我在VBA中构建了一个简单的webscraper,它从Google Patents中提取表格,并将innerHTML存储在.txt文件(名称类似于1234567.txt)中,用于约23,000项专利。现在我想分析每个文件的内容。为此,我希望将txt文件导入VBA,以便我可以进行一些字符串搜索,但这似乎很难实现。 我阅读了大约20个将.txt文件导入VBA的解决方案,但是对于我看起来像这样的文件都不起作用:
US6824791 B2 ' There is a shift + Enter here
<TD class="patent-data-table-td citation-patent"><A href="/patents/US7767249">US7767249</A></TD>
<TD class="patent-data-table-td patent-date-value">Jul 25, 2005</TD>
<TD class="patent-data-table-td patent-date-value">Aug 3, 2010</TD>
<TD class="patent-data-table-td ">Hewlett-Packard Development Company, L.P.</TD>
<TD class="patent-data-table-td ">Preparation of nanoparticles</TD></TR>
<TR>
<TD class="patent-data-table-td citation-patent"><A href="/patents/US7935853">US7935853</A><SPAN class=patent-tooltip-anchor aria-label="Cited by examiner" data-tooltip-text="Cited by examiner" data-tooltip="Cited by examiner" a="null"> *</SPAN></TD>
<TD class="patent-data-table-td patent-date-value">Oct 8, 2009</TD>
<TD class="patent-data-table-td patent-date-value">May 3, 2011</TD>
<TD class="patent-data-table-td ">Bobelium S.L.</TD>
<TD class="patent-data-table-td ">Micronized composition of a 2,4-disubstituted phenol derivative</TD></TR>
<TR>
<TD class="patent-data-table-td citation-patent"><A href="/patents/US8524829">US8524829</A></TD>
<TD class="patent-data-table-td patent-date-value">Jun 17, 2008</TD>
<TD class="patent-data-table-td patent-date-value">Sep 3, 2013</TD>
<TD class="patent-data-table-td ">Brown University Research Foundation</TD>
<TD class="patent-data-table-td ">Methods for micronization of hydrophobic drugs</TD></TR>
<TR>
<TD class="patent-data-table-td citation-patent"><A href="/patents/EP2422804A1?cl=en">EP2422804A1</A></TD>
<TD class="patent-data-table-td patent-date-value">Jun 16, 2005</TD>
<TD class="patent-data-table-td patent-date-value">Feb 29, 2012</TD>
<TD class="patent-data-table-td ">Amano Enzyme USA., Ltd.</TD>
<TD class="patent-data-table-td ">Controlled release formulations of enzymes, microorganisms, and antibodies with mucoadhesive polymers</TD></TR></TBODY></TABLE>
' There is a shift + Enter here
因此,尽管文件整齐且重复,但将它们作为单个字符串导入似乎非常困难。
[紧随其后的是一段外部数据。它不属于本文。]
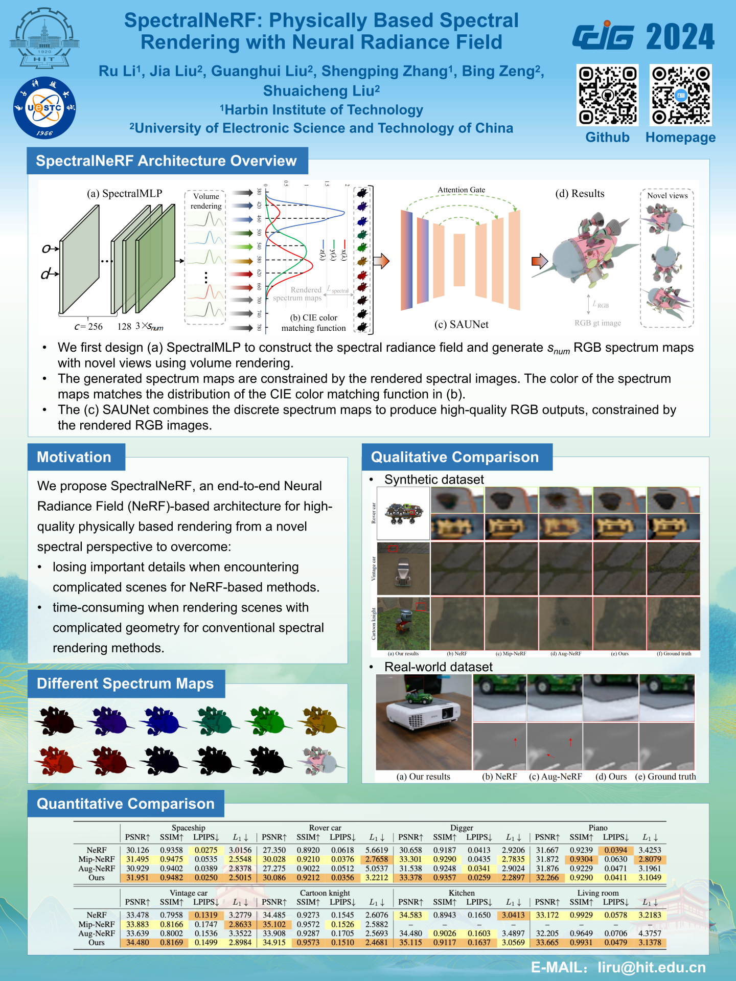 | P034 | SpectralNeRF: Physically Based Spectral Rendering with Neural Radiance Field | 李茹、刘嘉、刘光辉、张盛平、曾兵、刘帅成 | AAAI | 查看 |

我基本上想循环遍历文件,并提取专利号和提到的2个日期(使用Mid
和InStr
)并将它们放在三个不同的列中。这是我认为最好的,但我渴望听到更聪明的建议!
知道每个.txt文件具有不同的长度(行数)可能是相关的,但我可以估计具有99.9%确定性的确切行数(1 (title) + 6 * total number of citations (which I know) - 1 (last <TR> is missing)
提前致谢
西蒙
编辑:我尝试过的一些事例。此代码取自在线资源。我不确定它们应该如何工作,我很可能错误地应用它们。`Sub Text2Excel_Click()
Dim sourcestring as String
sourcestring = GetText("C\users\...\test.txt")
sourcestring = OpenTextFileToString("C\users\...\test.txt")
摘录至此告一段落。